Did you know that in the United States alone one-person attempts suicide every minute and that one person dies of suicide every sixteen minutes? I didn't!
My "education" started within hours of Andrew's death; mourners coming to my house would tell me of a time in their life when they or someone they knew had thought of, attempted or, died suicide.

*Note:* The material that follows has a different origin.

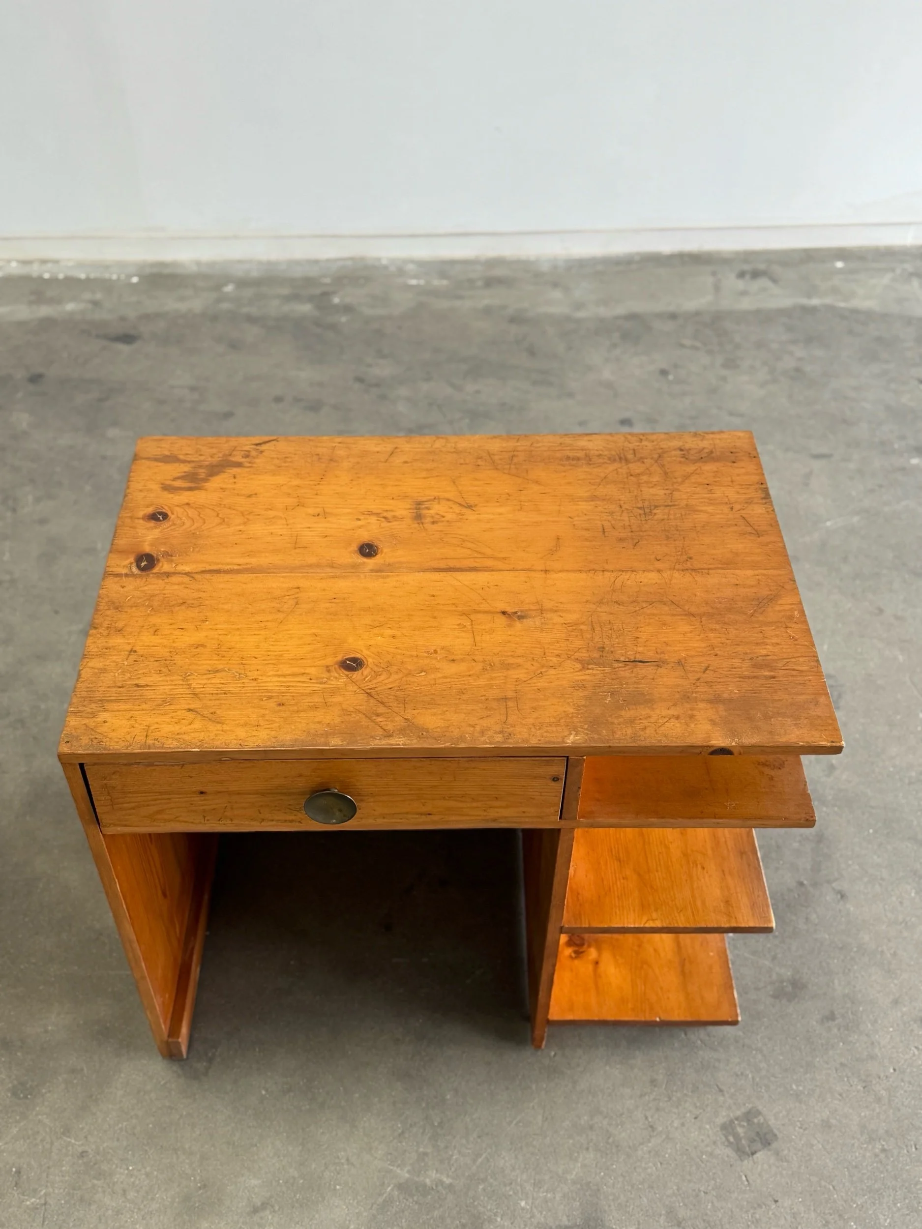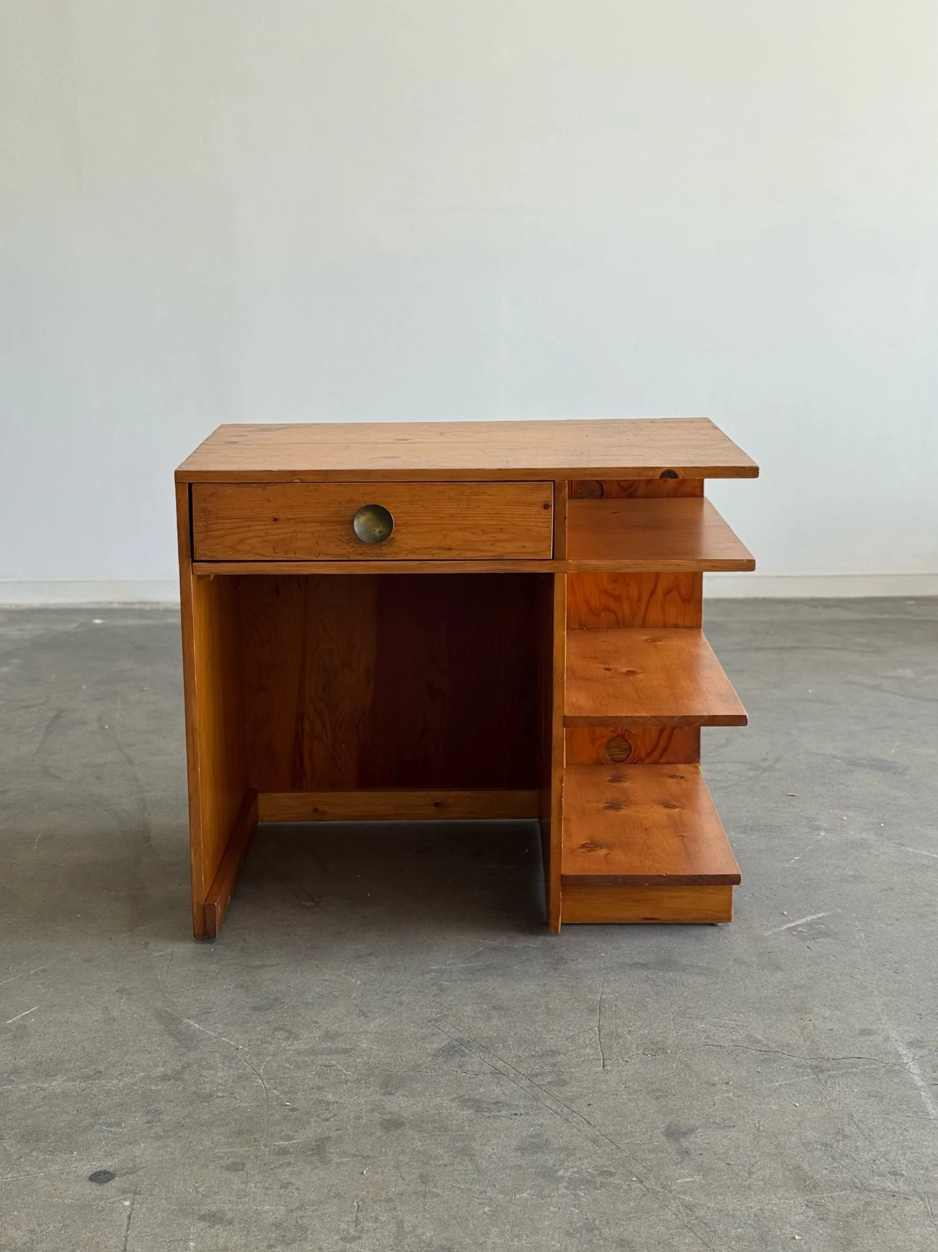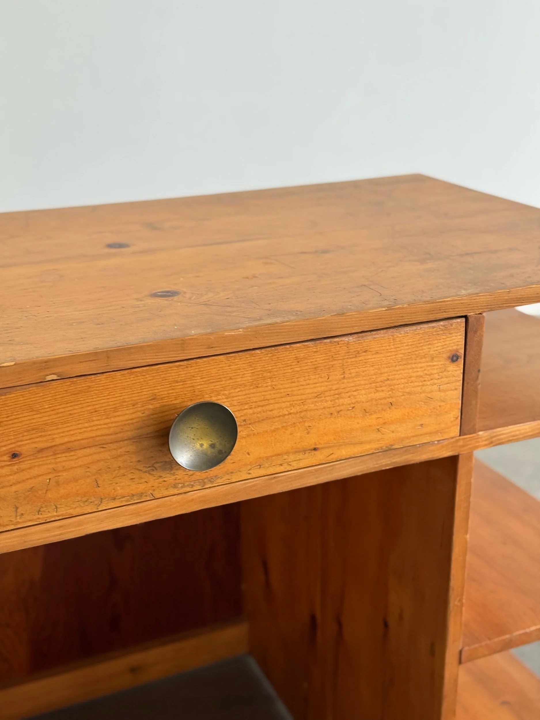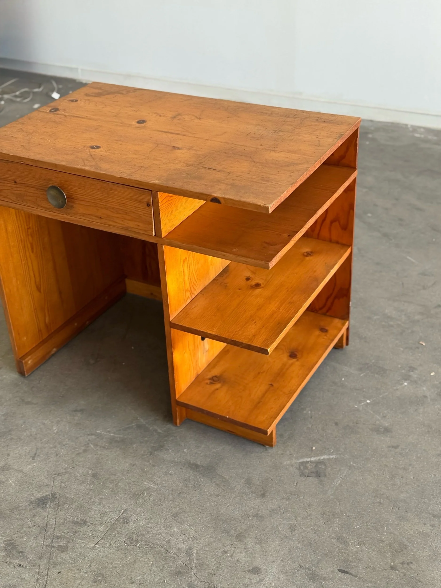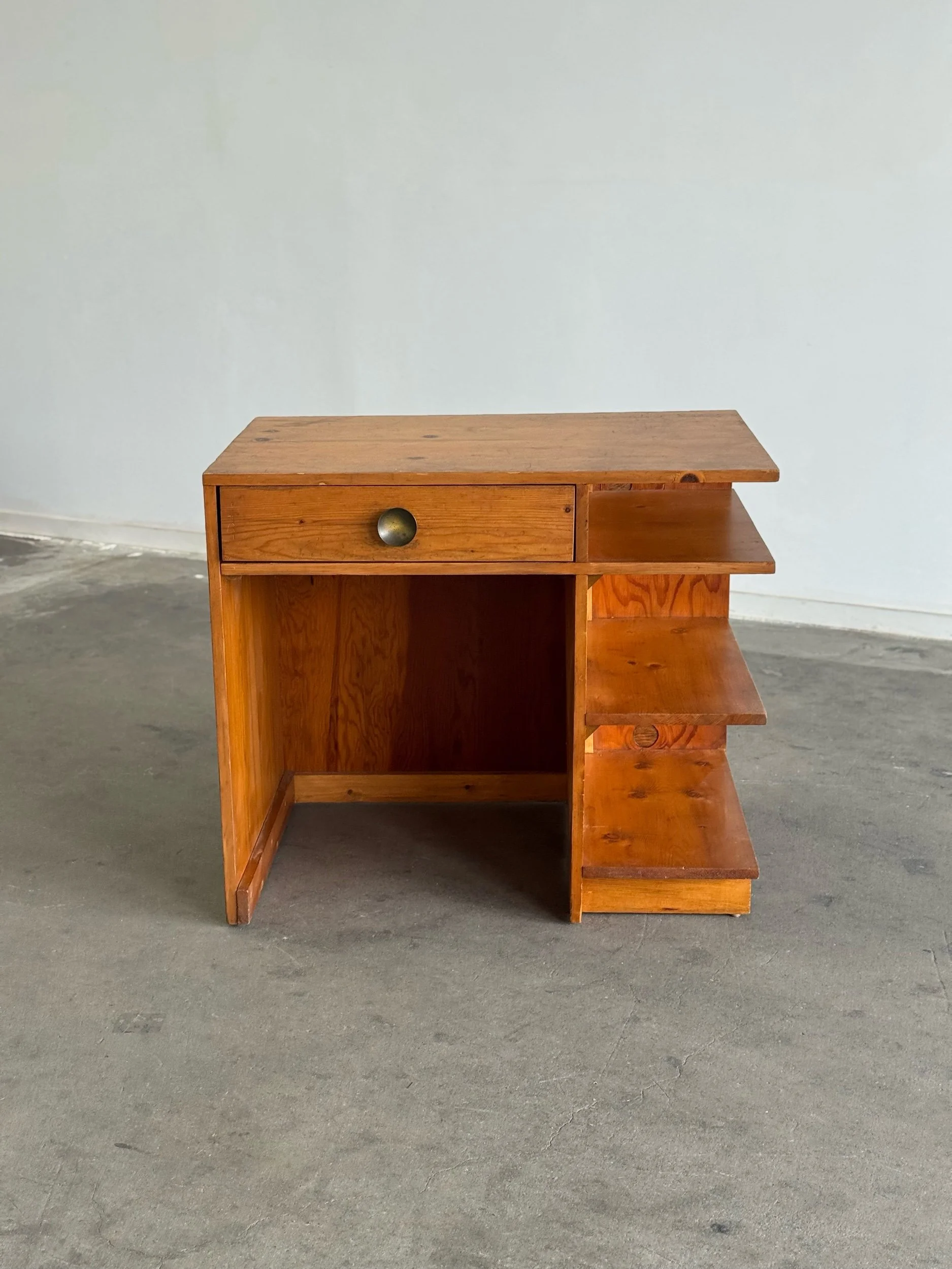 Mid-Century classic pine writing desk, featuring a single drawer with a brass handle and an open 3-tier shelving unit. Available in as-is vintage condition with flaws on the desk pictured above.

By the time Andrew's funeral was over, I learned that eleven hundred college-aged students die by suicide every year, and yet I'd never heard of this. Neither had anyone around me. Suicide started to look like one of the world best-kept secrets. In the weeks that followed, I realized that much like homosexuality, suicide needs to come out of the closet. In the meantime, places like Bobst for instance, that have a history of suicides, need to be made safe. And before you start arguing with me: "when people are determined to kill themselves, they find a way," I suggest reading about the British Coal Story to learn that suicide is not inevitable. When English ovens were powered by coal, a number of people each year died by sticking their heads in the oven and being poisoned by the fumes. When England switched from powering ovens with coal to other means, the suicide rate in the UK dropped. The same happened in Seattle when, after much debate, barriers were raised on the Ellington Bridge. Research showed that people didn't move to a different bridge, or a different oven, instead they went on living!
So, as we raise awareness and understanding, we raise the volume of the all too often muffled cry for help of the depressed, and the suicidal in our midst.
I advocate that stress reduction techniques such as yoga and meditation be taught in schools as an integral part of the curriculum. As well as being good for suppleness, balance and our muscles, yoga helps us draw our focus within, in turn facilitating the deep betha and theta state of meditation during which the pineal glands secret potent healing hormones. A half hour of this regime every day and we wouldn't need to argue about the health care bill!
Let's also bring such life saving training into our schools that teaches both students and teachers, how to know when suicide is in the room and how to kill in the bud before it kills someone.
And while you are at it, please pencil in Sept. 28, 2009 in your diary, the day of
The Get Your Wellness On! Suicide Awareness & Prevention Fair.
At the Fair we will teach simple yoga and other stress reduction techniques such as massage. We will bring together Eastern and Western models of health, education and communication. One of the Fair committee members is a Yoga instructor and an extraordinary woman, who, fifteen years ago, attempted suicide. She was saved, and she agrees on all of the above, and she should know, right?
More details on my blog: www.foreverinvictus.com
So, go on, give this some thought.
While I will cry this Mother's Day even more than I cry every day, knowing that I am doing all I can, to turn my son's death into a shining beacon of light for others, makes the tears that bit sweeter.
Happy Mother's Day to my fellow survivors and to all Mothers.